Clint Eastwood, in that ad-libbed, impromptu, unrehearsed bit summed up the attitude some of (not all of) President Obama’s detractors have had since day one of his arrival on the national stage. They don’t want to see him, so he’s invisible to them. He is not white, so has no merit in their mind as a man, much less a president, so they completely dismiss him.
Make any arguments of substance you wish against him — I will gladly accept it.
I, for one, think health care reform should have been a single payer system and not echoed the Republicans’ reform efforts from 20 years ago. I want to see Gitmo closed. I want to see the PATRIOT Act repealed and warrantless wiretapping done away with. These are issues of merit.
But these are not the things I hear about from his detractors.
I hear vague fearmongering — He’s taking away our freedom!
I hear conspiracy theories — His father conspired to make him president to turn the country into a Muslim dictatorship!
I hear outright lies that attack the man’s basic identity as an American — He wasn’t born in the US. The birth certificate is fake!
He’s not our president, I’ve heard them say. I don’t think his wife acts like a First Lady. I don’t like to look at either of them. He’s not like us, and, because of that, we do not like him.
Yes, this is about the color of President Obama’s skin.
But, for these detractors to speak up and simply admit to their racism is something they are not prepared for and will not admit.
So they couch it by marginalizing, obstructing, and ignoring. They claim the work he’s done has amounted to nothing, that he has done no good, and that he is inept.
They call him a socialist (without knowing what a socialist is) and attempt to confuse the situation with non-defensible name-calling and fearmongering. And when they do criticize him, they do so in a way that trivializes who he is. They make him imaginary and essentially hurdle insults at him. This marginalizes him… not just as the president, but as a man.
He is to be avoided, shunned, and ignored. He is to be seen as nothing more than a shade passing through our lives. He is to be fought against and demeaned because he is “other” and, to his detractors, being “other” is scary because that’s not the way America used to be.

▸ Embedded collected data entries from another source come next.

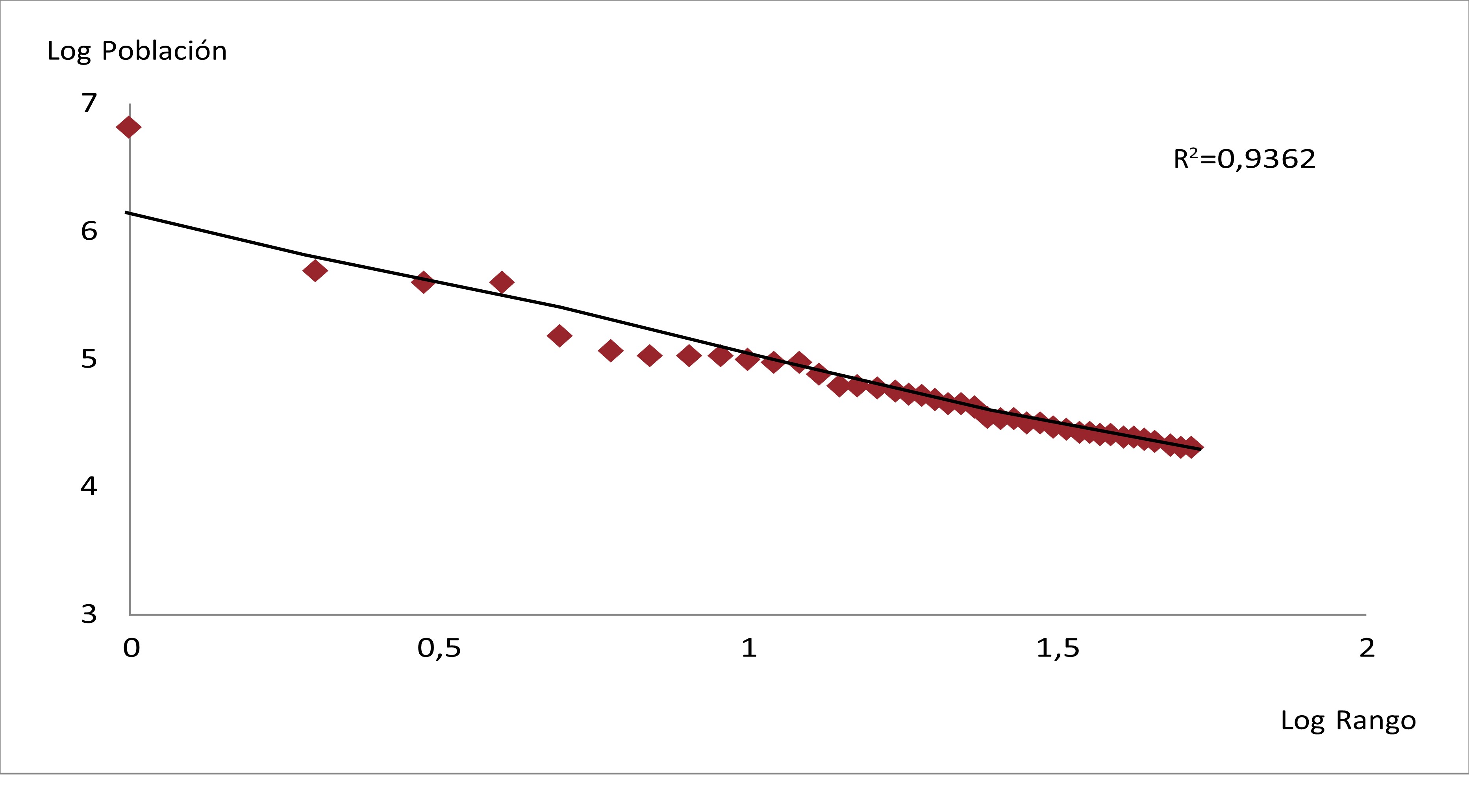 La jerarquía urbana de la RAPE–RC, según el índice rango–tamaño, presenta una distribución vertical desequilibrada (Figura 2), que coloca al Distrito Capital en un primer nivel donde se proyecta que, para el año 2020, su densidad poblacional será de 5.281 habitantes hab/km2 (DANE, 2010). En un segundo nivel se ubican las capitales de los departamentos de Tolima (Ibagué) y Meta (Villavicencio), así como un municipio de Cundinamarca que se encuentra conurbado con Bogotá (Soacha), los cuales presentan una cantidad de habitantes 16 veces menor respecto a la del Distrito Capital. El tercer nivel lo conforman seis municipios: Tunja, Sogamoso, Fusagasugá, Facatativá, Duitama y Zipaquirá, que tienen una población 59 veces menor que aquella que se concentra en Bogotá. En estos municipios, pertenecientes a los departamentos de Boyacá y Cundinamarca, resalta la presencia de Tunja, capital de Boyacá. Finalmente, existe un último nivel, con 306 municipios, que en conjunto tienen una población inferior a los 99.000 habitantes. Esta distribución desequilibrada se explica por la concentración de población existente en el Distrito Capital, con el 55% del total de habitantes agrupado en menos del 1% del total del territorio.
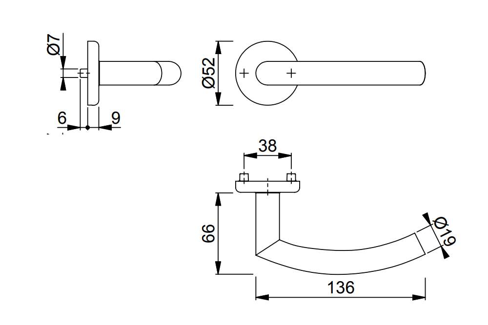 набір ручок для комерційного використання - Взаєморозташування: дверні ручки окремо, необслуговувані підшипники ковзання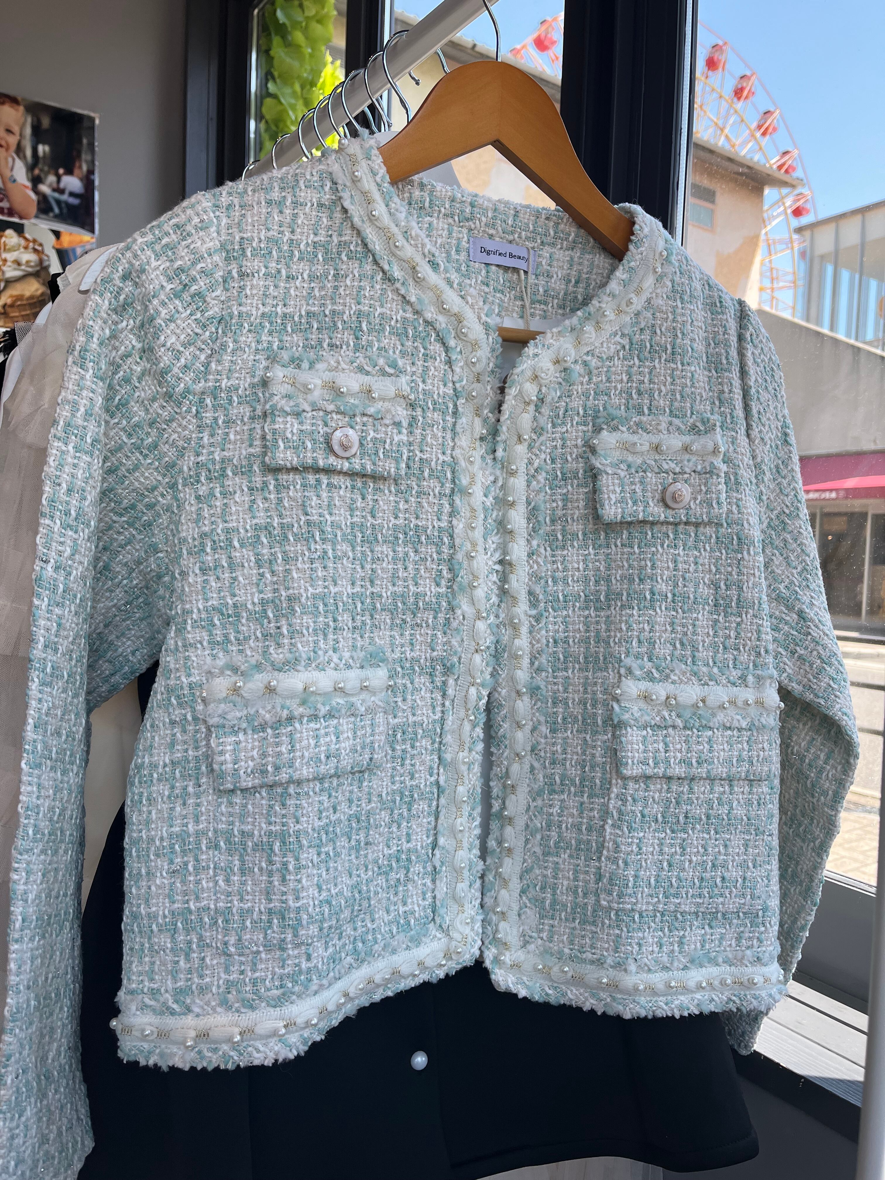 大人上品なミントグリーンが魅力のジャケットで、特別なスタイルを楽しむ

This is all done in order to tiptoe around their issues with his skin color, which is how these detractors have made him the perfect example of Ellison’s invisible man.

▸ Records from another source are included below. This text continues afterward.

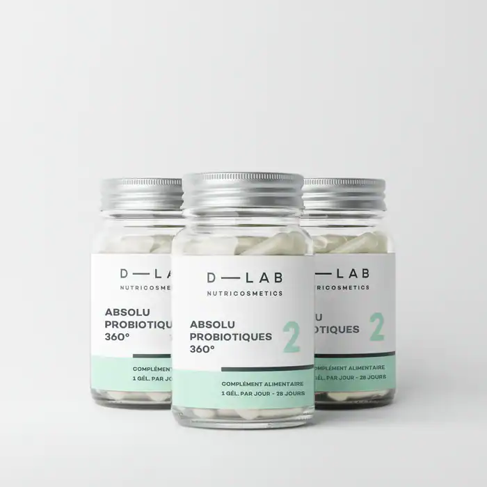 L’Absolu Probiotiques 360° soutient l’axe intestin-peau en modulant les réponses inflammatoires et en restaurant l’intégrité cutanée.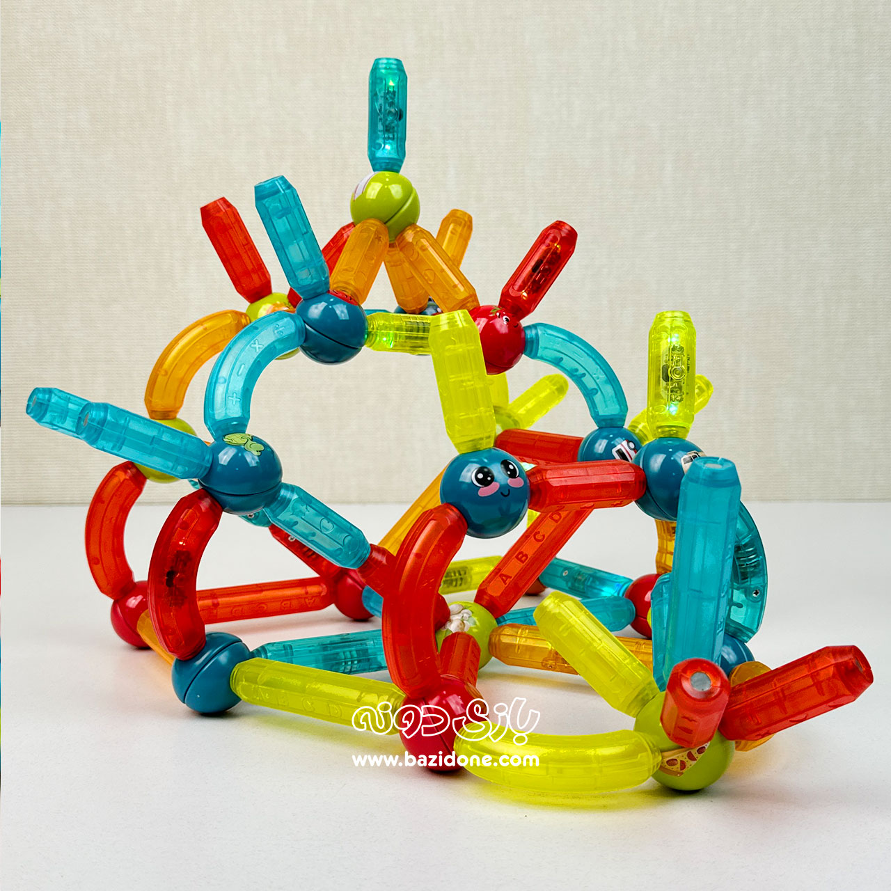 با “توپ و میله مگنتی چراغدار” ، کوچولوهای شما میتونن هر چیزی که توی ذهنشون دارن رو بسازن! 🏗️ این آجرهای رنگیرنگی با چراغهای LED جادوییشون، کلی شادی و هیجان برای بچهها به ارمغان میارن 🤩.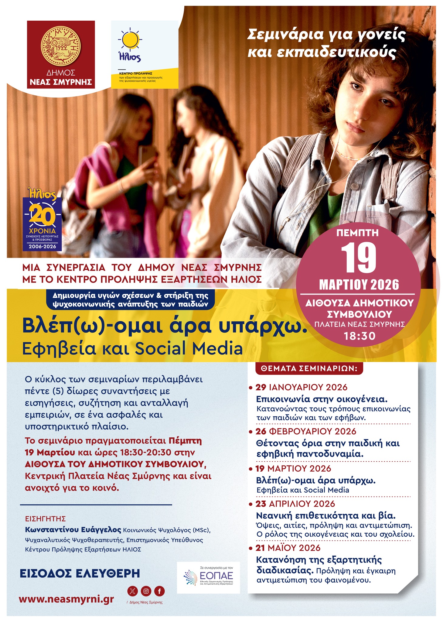 Το 3ο Σεμινάριο για Γονείς και Εκπαιδευτικούς με θέμα "Βλέπ(ω)-μαι άρα υπάρχω. Εφηβεία και Social Media" πραγματοποιείται την Πέμπτη 19 Μαρτίου ώρα 18:30 στην Αίθουσα Δημοτικού Συμβουλίου (2ας Μαϊου 8,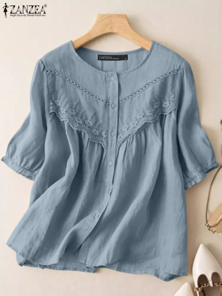Блузка ZANZEA Женская свободного покроя, с рукавом до локтя, на пуговицах, с кружевной вставкой, сетчатая, в винтажном стиле, лето 2024

For all that his bit was, I must thank Mr. Eastwood. He underscored the specific thing this group of the president’s detractors have been doing since 2008: Treating him as if he wasn’t there, as if this invisible man might just fade completely away come January 2013, so life can return to “normal” (a normal that involves a white male president).
This is no different than attitudes during slavery. The dismissal of any humanity the slaves had, the arrogance that they were simply property, and the thinking the slaves should know their place and stay in it… this is the same attitude. The slaves were the invisible men and women of the colonial times and the first 90 years of this country… they were there, but they weren’t there.
The Civil War began 150 years ago.
150 years, yet we still fight the same attitudes and have the same arguments.
Ellison’s novel was published 60 years ago.
60 years, yet Ellison’s invisible man, and the society around him, hasn’t aged a damn day for all that has happened in that time.
If you think any of the non-substantive vitriol is about President Obama’s policies, take a look at the old white man asking questions of the “InvisibleObama” on the chair and making up the answers and reactions.
Take a look at that and realize that has nothing to do with political disagreements. It has everything to do with telling President Obama he has overstepped his boundaries as a black man in America and needs to be put back in his place.